[Items from a data source]
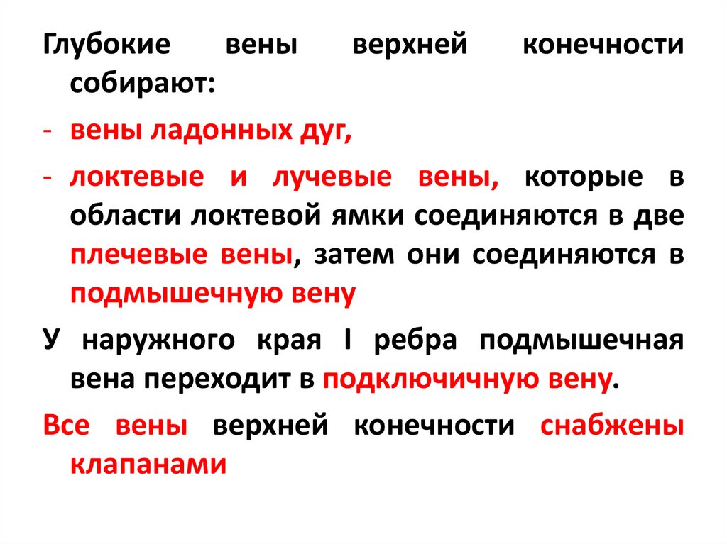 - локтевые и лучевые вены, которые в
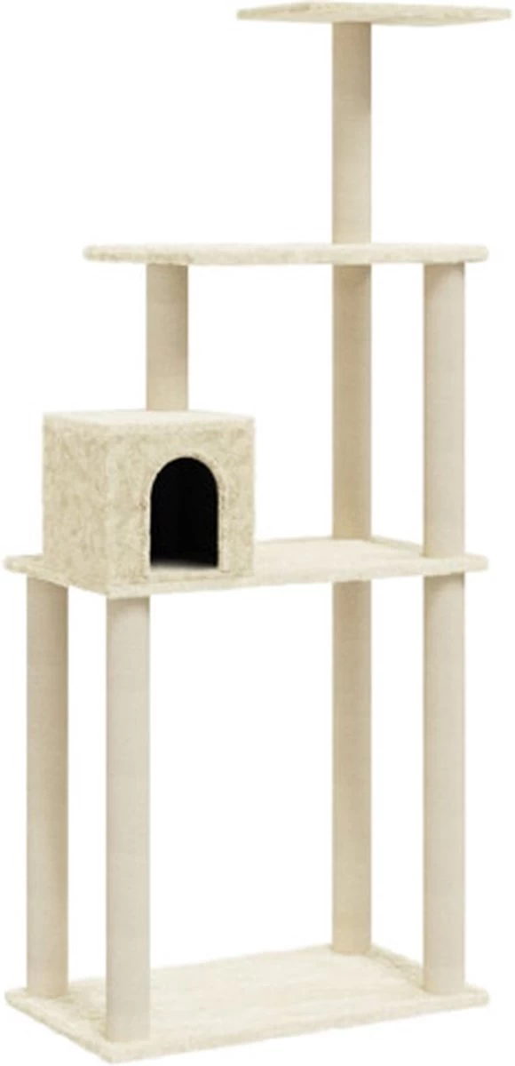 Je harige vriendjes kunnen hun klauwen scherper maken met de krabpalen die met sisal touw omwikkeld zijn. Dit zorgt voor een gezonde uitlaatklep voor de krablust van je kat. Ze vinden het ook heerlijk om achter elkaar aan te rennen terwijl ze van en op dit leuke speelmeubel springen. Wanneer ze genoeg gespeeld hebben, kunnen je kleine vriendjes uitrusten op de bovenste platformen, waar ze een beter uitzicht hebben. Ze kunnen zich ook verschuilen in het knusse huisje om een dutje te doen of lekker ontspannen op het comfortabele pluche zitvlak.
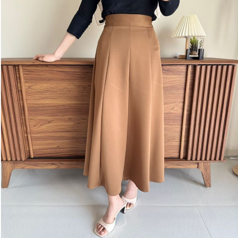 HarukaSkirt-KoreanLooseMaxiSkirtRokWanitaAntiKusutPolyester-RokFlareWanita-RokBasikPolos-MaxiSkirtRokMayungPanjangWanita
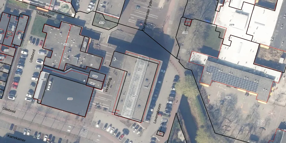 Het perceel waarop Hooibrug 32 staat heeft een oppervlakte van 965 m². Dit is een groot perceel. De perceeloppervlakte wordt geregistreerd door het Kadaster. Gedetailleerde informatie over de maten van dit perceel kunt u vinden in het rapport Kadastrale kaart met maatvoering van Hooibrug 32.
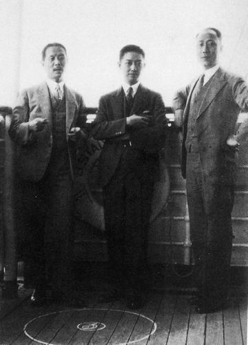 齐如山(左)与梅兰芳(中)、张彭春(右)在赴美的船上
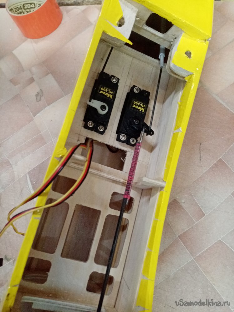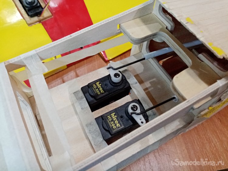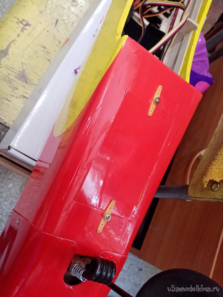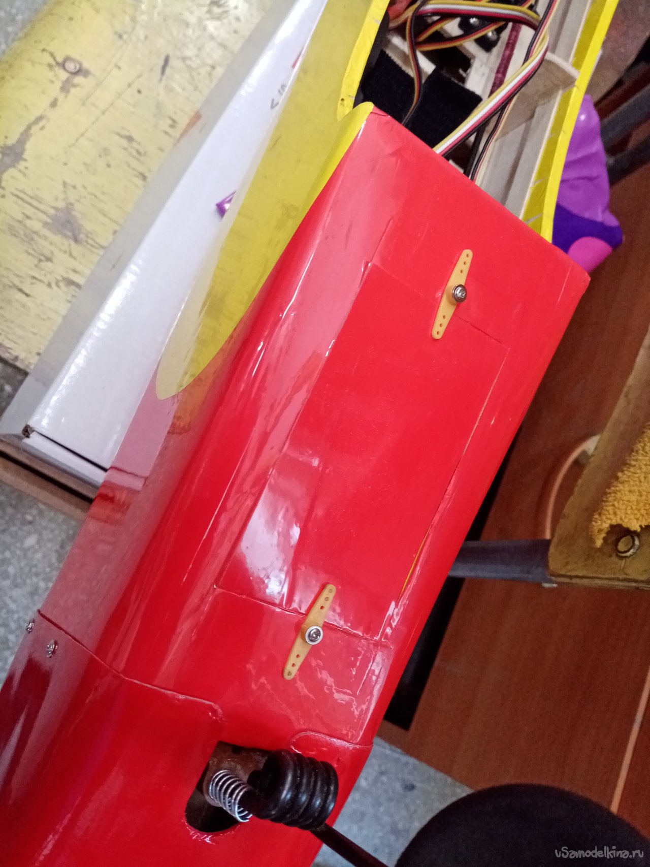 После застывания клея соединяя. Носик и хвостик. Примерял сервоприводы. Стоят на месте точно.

▸ **TASK TO COMPLETE**
Take the records above from the line with "Het perceel waarop" down to their last line and please copy those lines exactly, without the pictures.

▸ **SOLVED EXERCISE**
 Het perceel waarop Hooibrug 32 staat heeft een oppervlakte van 965 m². Dit is een groot perceel. De perceeloppervlakte wordt geregistreerd door het Kadaster. Gedetailleerde informatie over de maten van dit perceel kunt u vinden in het rapport Kadastrale kaart met maatvoering van Hooibrug 32.
 齐如山(左)与梅兰芳(中)、张彭春(右)在赴美的船上
 После застывания клея соединяя. Носик и хвостик. Примерял сервоприводы. Стоят на месте точно.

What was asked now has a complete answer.